22:02 Sgeo m: -> Int $x { say $x }(Failure.new);
22:02 camelia rakudo-moar a32c14: OUTPUT«Earlier failure:␤ Failed␤␤Final error:␤ Type check failed in binding $x; expected 'Int' but got 'Failure'␤  in block <unit> at /tmp/0m5sgEGBtZ:1␤␤»
22:03 Sgeo m: sub (--> Int) { fail "Oops!" if True; 5 }();
22:03 camelia rakudo-moar a32c14: OUTPUT«Oops!␤  in sub  at /tmp/s7KMKfVLxl:1␤  in block <unit> at /tmp/s7KMKfVLxl:1␤␤Actually thrown at:␤  in block <unit> at /tmp/s7KMKfVLxl:1␤␤»
22:04 Sgeo SHouldn't that not have compiled since the sub is capable of throwing a Failure but claims to return an Int?
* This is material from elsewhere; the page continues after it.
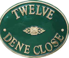 Cast Brass House Signs and Name Plates These plates are made of heavy solid brass with the backgrounds painted Black, Blue, Green or Maroon. The size of lettering, motif and numbers can be varied to create a sign with an overall balanced appearance. All items are pre drilled with fixing holes and screws are included. .Click here to order your Cast Brass House Nameplate Your Choices Background Colours - Black, Blue , Green, Maroon Motifs - We have a selection of standard motifs Sizes Arch Top B12: 30 x 25cm B13: 32.5 x 25cm B3: 37 x 19cm B16: 19 x 14cm max 7 letters per line Ovals B2: 33 x 25cm B8: 19 x 14cm With Motif as shown - max 7 letters per line (Rope border as standard unless specified) Rectangles B10: 30 x 18cm B11: 43 x 10cm single line B1: 30.5 x 6.5cm single line - max 12 letters Numbers B6: 14 x 10cm B7: 19 x 14cm (Rope border as standard unless specified) B4: 14 x 11.5cm B5: 11.5cm Email Us For A Quote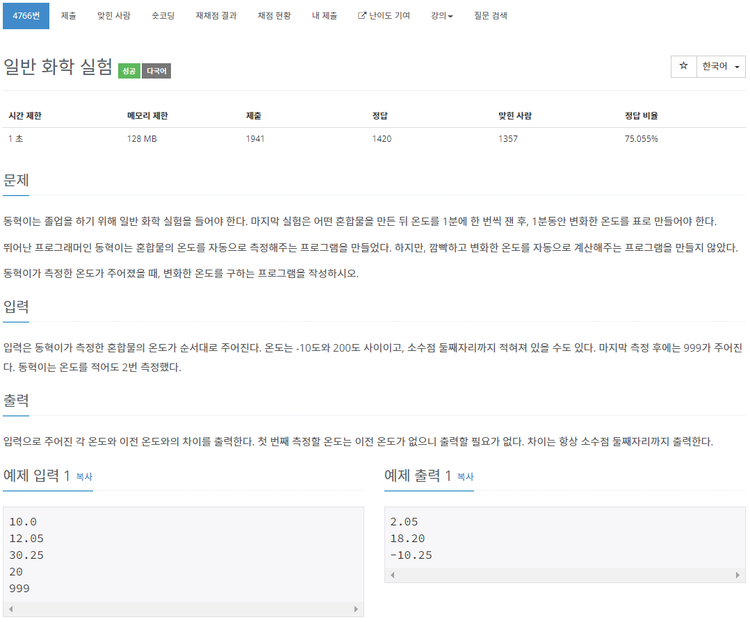 4766번: 일반 화학 실험

22:06 TEttinger joined #perl6
22:09 geekosaur Failure has never worked that way and I'm not sure it retains any usefulness in a Perl 6 context if you require that it be represented in the result type
22:09 geekosaur and I don't think Perl 6 has ever claimed to be Haskell
22:10 geekosaur ...come to think of it, even Haskell lets you do that; see `error'
22:11 geekosaur Failure is not so much a distinct type, as a special value that inhabits every type
22:14 Sgeo Haskell doesn't really let you detect it though
22:15 pippo good night #perl6
22:15 pippo left #perl6
22:15 Sgeo But I'm a bit more scared about type objects in that context, I don't see the difference between that and Java null
22:16 timotimo a null in java is just "null"
22:16 timotimo a type object is still of the right type
22:21 geekosaur Haskell also doesn't have an object hierarchy wherein a Failure could be seen as a distinct out-of-band value provided by Mu...
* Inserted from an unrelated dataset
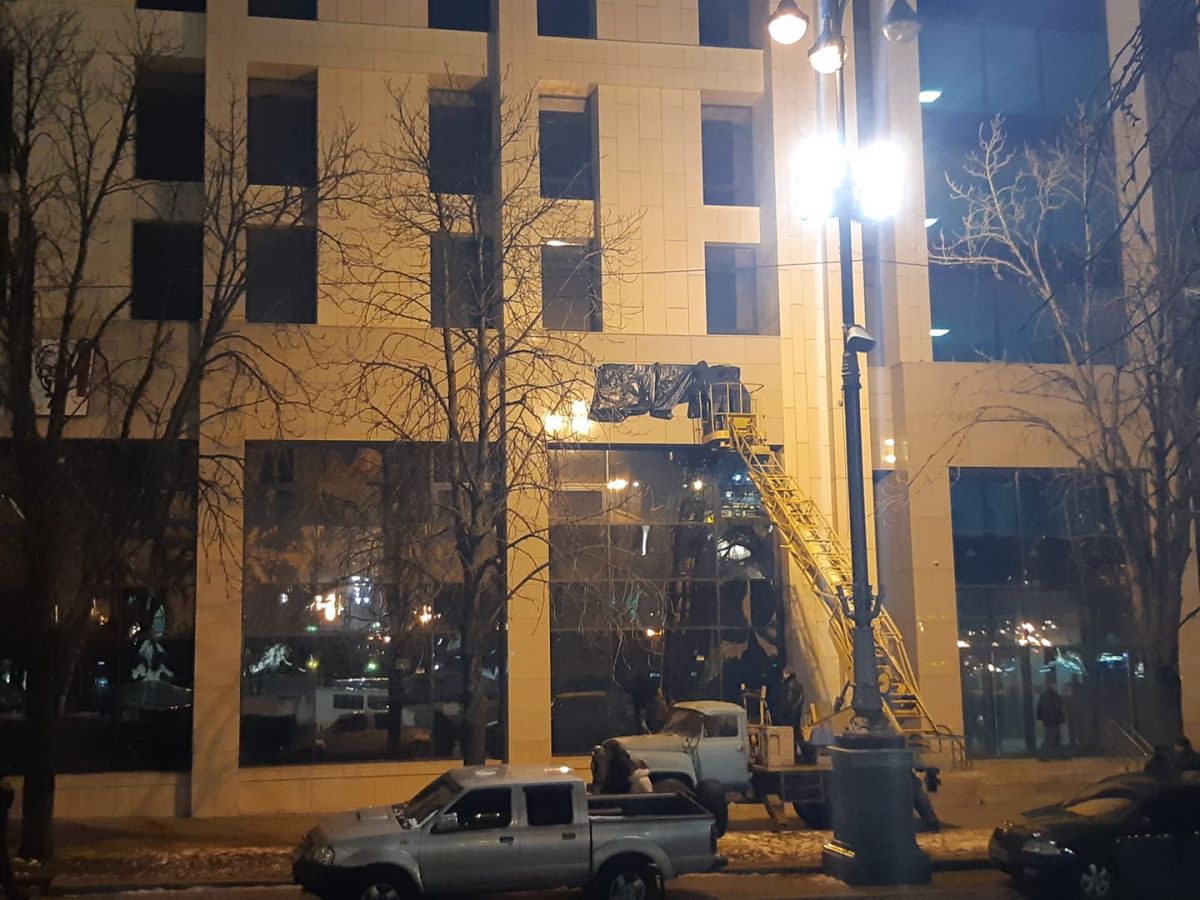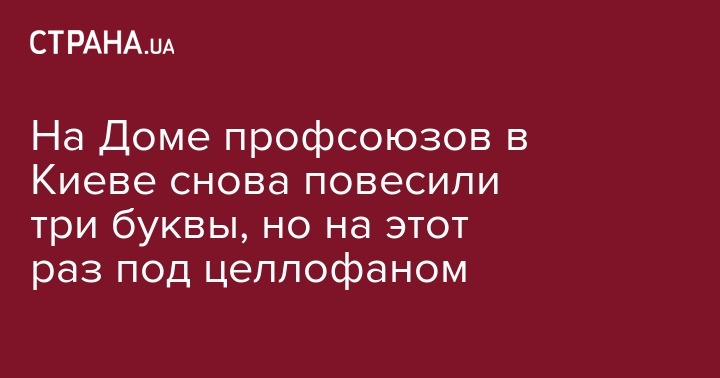 На Доме профсоюзов в Киеве снова повесили три буквы, но на этот раз под целлофаном

22:22 geekosaur ...and as someone who's seen more than enough Java code that declares it throws any possible exception rather than try to handle declaring exceptions the way that was intended, I am not sure you gain anything by adding such to another lnaguage (and indeed, pretty much nobody else has bothered after seeing how it turned out in Java)
22:26 raiph Sgeo: Am I right that, in Haskell, if you write code that acknowledges the possibility of a Nothing value then that code must explicitly specify what to do with the Nothing possibility?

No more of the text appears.